Está aberta a temporada do sorvete. Delicioso e refrescante, ele é ótima opção para enfrentar os dias quentes que estão por vir. Fabricantes esperam aumentar as vendas e afirmam que o sorvete é importante fonte de nutrientes.
Dados da Associação Brasileira das Indústrias de Sorvetes (Abis) indicam que o alimento possui menos calorias que um ovo frito ou um pão francês: enquanto 100 gramas de sorvete de creme possuem 208 calorias, a mesma medida de pão francês tem 269 calorias e de ovo frito, 216.
Mas especialistas lembram que o consumidor deve ficar atento à composição do produto. As matérias primas utilizadas na sua fabricação é que definem a qualidade. ''Quem quer consumir sorvete nutritivo precisa dar preferência àqueles que são feitos a base de leite (os chamados cremosos). É necessário que o consumidor observe nos rótulos o que foi utilizado no preparo ou perguntar ao vendedor. As empresas são obrigadas a passar esse tipo de informação'', explica a professora doutora em Nutrição da Unopar, Rejane Neves-Souza.
Dependendo do material usado na fabricação, o alimento pode conter proteínas, açúcares, gordura vegetal e/ou animal, vitaminas A, B1, B2, B6, C, D, K, cálcio, fósforo e outros minerais essenciais numa nutrição balanceada.
Cálcio Com relação ao cálcio, o sorvete pode ser importante fonte, principalmente para quem por hábito, gosto ou intolerância à lactose, não ingere produtos lácteos na quantidade necessária.
De acordo com nutricionistas, o cálcio é um mineral essencial para a saúde de dentes e ossos e seu consumo, através da dieta e particularmente através do leite e derivados, é importante durante a infância e a adolescência, fases em que ocorrem os maiores ganhos de massa óssea.

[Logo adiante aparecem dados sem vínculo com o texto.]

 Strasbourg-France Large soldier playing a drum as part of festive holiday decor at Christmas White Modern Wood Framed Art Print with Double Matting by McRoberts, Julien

Os especialistas informam que nos demais períodos, como durante a vida adulta e a maturidade, a dieta desempenha papel importante para manter a estrutura óssea adquirida nas fases anteriores.

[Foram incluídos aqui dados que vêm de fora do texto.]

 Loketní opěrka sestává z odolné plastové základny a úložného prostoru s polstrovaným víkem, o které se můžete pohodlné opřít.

Segundo Rejane, a diferença no valor calórico dos sorvetes é muito grande. Por isso, apesar de fazer bem, a população deve consumi-los com moderação. ''Tem-se que tomar muito cuidado com o produto escolhido, pois, quando há excessos, alguns tipos podem não ser considerados bons.''
Consumo O consumo do produto no Brasil é baixo, se comparado a outros países, mesmo tendo clima tropical. Aqui, o índice é de 3,5 litros per capita por ano menos de um quarto do que a população dos países nórdicos ingere, algo em torno de 20 litros por pessoa ao ano, segundo a Abis.
Para a associação, parte desses índices se explicam pelo fato do brasileiro tradicionalmente encarar o sorvete como produto exclusivo dos meses de verão, o que não acontece na Europa.
''Somos educados a acreditar que tomar sorvete no inverno faz mal, provoca gripes e resfriados. Essa é uma idéia falsa'', afirma o presidente da Abis, Eduardo Weisberg.
Outro aspecto que explicaria o baixo consumo, para empresários da área, é o fato de se classificar o produto como sobremesa. ''Nos países desenvolvidos o sorvete é entendido como outro alimento qualquer'', afirma o sócio-proprietário da Confeitaria Mister Cuca, Gustavo Willy C. Silva.
Para a professora Rejane, esses não podem ser considerados os únicos fatores. ''Acredito que o baixo consumo no país tem relação com o preço. Sorvetes industrializados não custam menos que R$ 1,50 e estes são os de frutas. Os cremosos são ainda mais caros.''
Rejane lembra que nas estatísticas podem não entrar os números de sorveterias menores, com preços mais acessíveis. Mas ela afirma que a população deve ficar atenta aos produtos mais baratos. ''Eles não costumam ter boa qualidade e a fabricação muitas vezes não cumpre normas básicas de higiene.''
''Comprar sorvetes de vendedores ambulantes é um risco, pois eles podem transmitir diversas doenças, como a diarréia, por exemplo. O consumidor deve dar preferência aos produtos de empresas identificadas e conhecidas no mercado'', completa.